People with familial GIST inherit a mutated gene from one of their parents. It is a very rare type of GIST that affects up to two dozen families in the world (this number is subject to change as we learn more about GIST). Unlike sporadic GIST, people with familial GIST have KIT or (in one case) PDGFRA mutations in every cell in their body.
There is another type of familial GIST called Carney-Stratakis Syndrome. These patients also can get another type of cancer called paragangliomas. This type of familial GIST is caused by mutations in one of the subunits of the succinate dehydrogenase (SDH) protein. For more information see Carney-Stratakis Syndrome.
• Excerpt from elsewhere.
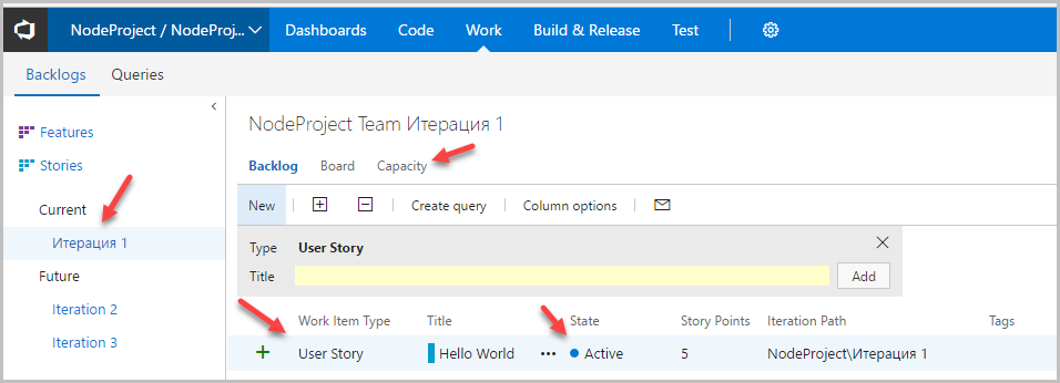 После создания итерации надо указать, какие задачи во время этой итерации мы будем решать. Обычно это делается в первый день итерации. Мы сделаем это сейчас. У нас всего одна задача (User Story), поэтому ее и надо перетащить мышкой в только что созданную итерацию. После того, как вы приступили к задаче, ей надо поставить статус Active. Для использования разных «фишек» Agile имеет смыл также заполнить для текущей итерации раздел Capacity.
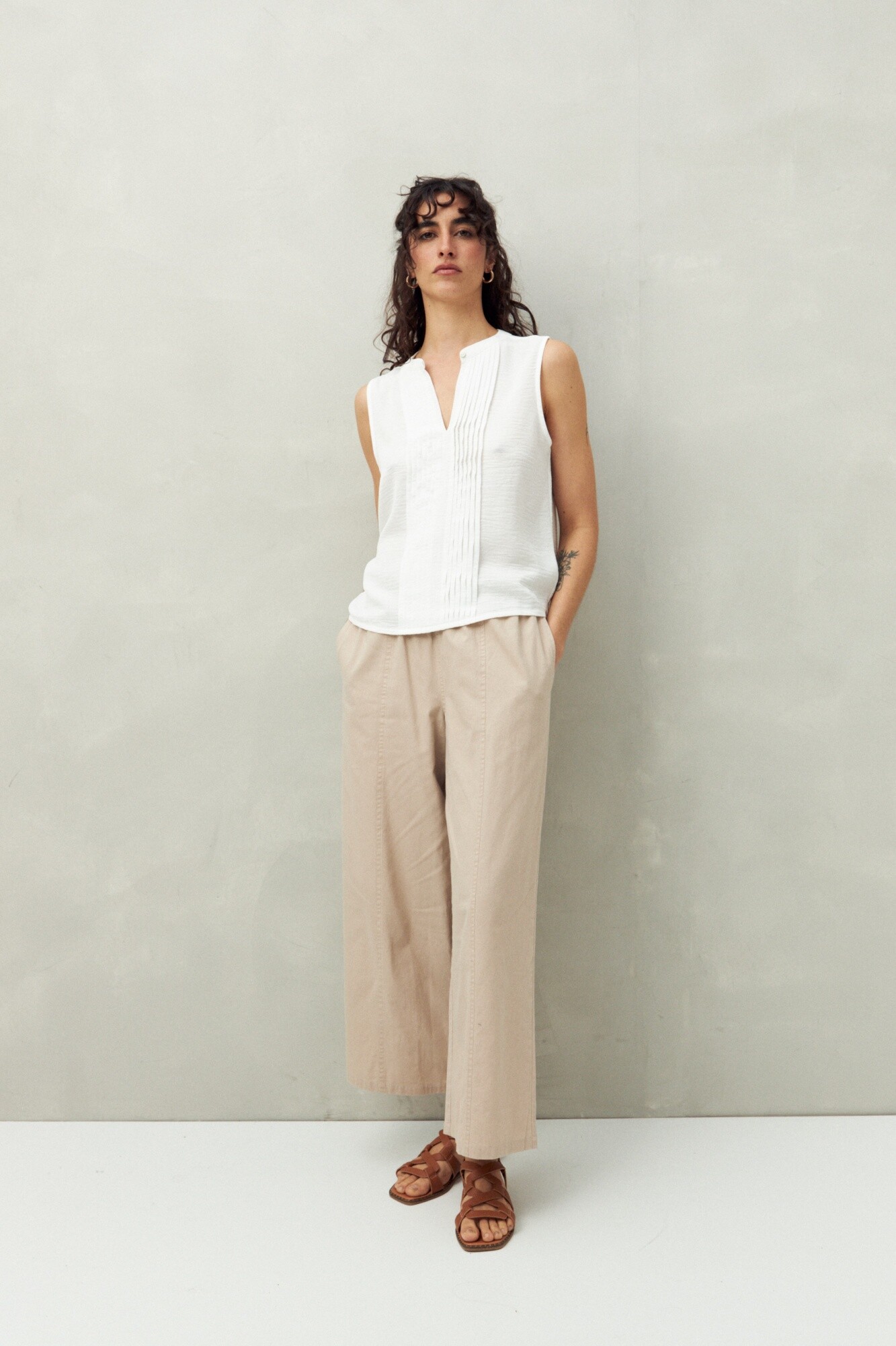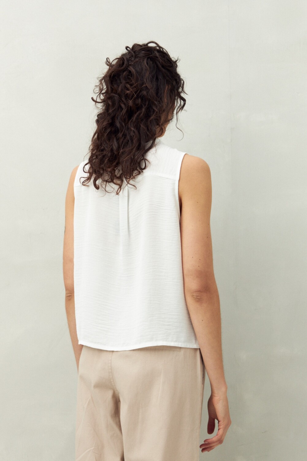 Top sin mangas con detalle de alforzas en el frente y escote redondo con pequeña abertura y botón. Su caída liviana y textura sutil lo convierten en ese esencial que combina estilo y comodidad. Perfecto para looks de oficina o para elevar conjuntos más relajados con un toque pulido.

The rest of this page will only discuss familial GISTs with KIT mutations; most of the behavior patterns of familial GIST with PDGFRA mutations are similar. In the case of KIT, different diseases, such as GIST, piebaldism or mastocytosis can occur depending on where the mutation occurs in the KIT gene.
Humans have two copies of every chromosome except the X and Y chromosomes. They also have two copies of the KIT gene, one on each copy of chromosome 4.
Children inherit one copy of each gene from each parent. This means that a child of someone that has familial GIST will almost certainly inherit a normal copy of the KIT gene from the parent that does not have familial GIST (since both copies of the gene are normal) and has a 50% chance of inheriting the mutant KIT gene from the parent that does have familial GIST. Individuals affected with familial GIST typically have one normal KIT gene (called wild-type) and one mutant KIT gene.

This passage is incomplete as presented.